[STORED DATA Boundary: Start]

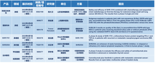 2022 ASCO年会另有5款918搏天堂上市前抗肿瘤创新药的相关研究被接收为壁报,包括SHR-1316、普那布林、法米替尼、SHR-1701和SHR2554,他们的单药或联合方案相关7项研究被接收为壁报,覆盖肺癌、鼻咽癌、淋巴瘤、甲状腺癌和结直肠癌等领域。
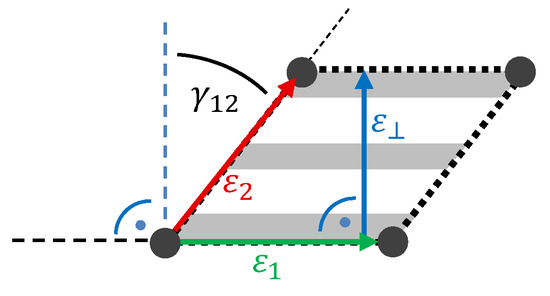 If both equations are inserted into the formulation of the perpendicular strain (Equation (4)), the interrelation between the strain components , and becomes obvious:
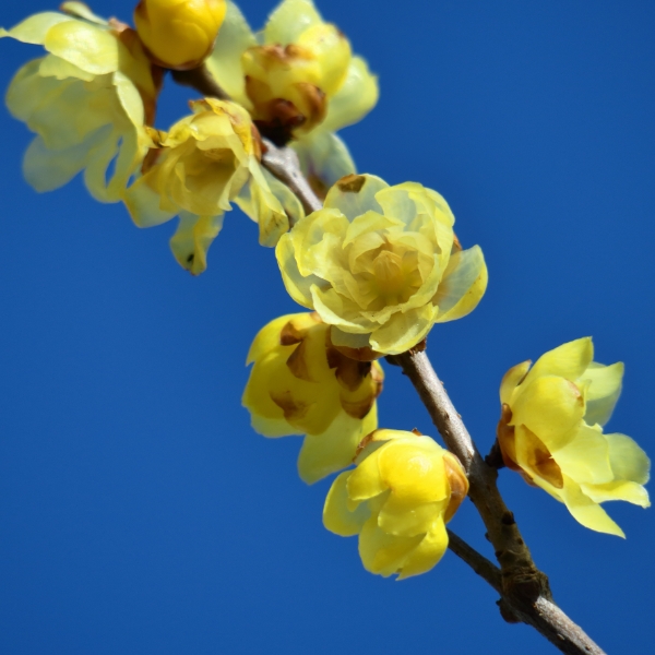 【ろうばい】年の始まりに、蝋細工のような艶のある花をつける。澄んだ空に映える、小さな黄色い花々。あたたかみのある上品な香りが漂う。

[STORED DATA Boundary: End]

The expected output is every line from the line where "If both equations" appears to the final line of the material, unchanged and with no pictures.

 If both equations are inserted into the formulation of the perpendicular strain (Equation (4)), the interrelation between the strain components , and becomes obvious:
 【ろうばい】年の始まりに、蝋細工のような艶のある花をつける。澄んだ空に映える、小さな黄色い花々。あたたかみのある上品な香りが漂う。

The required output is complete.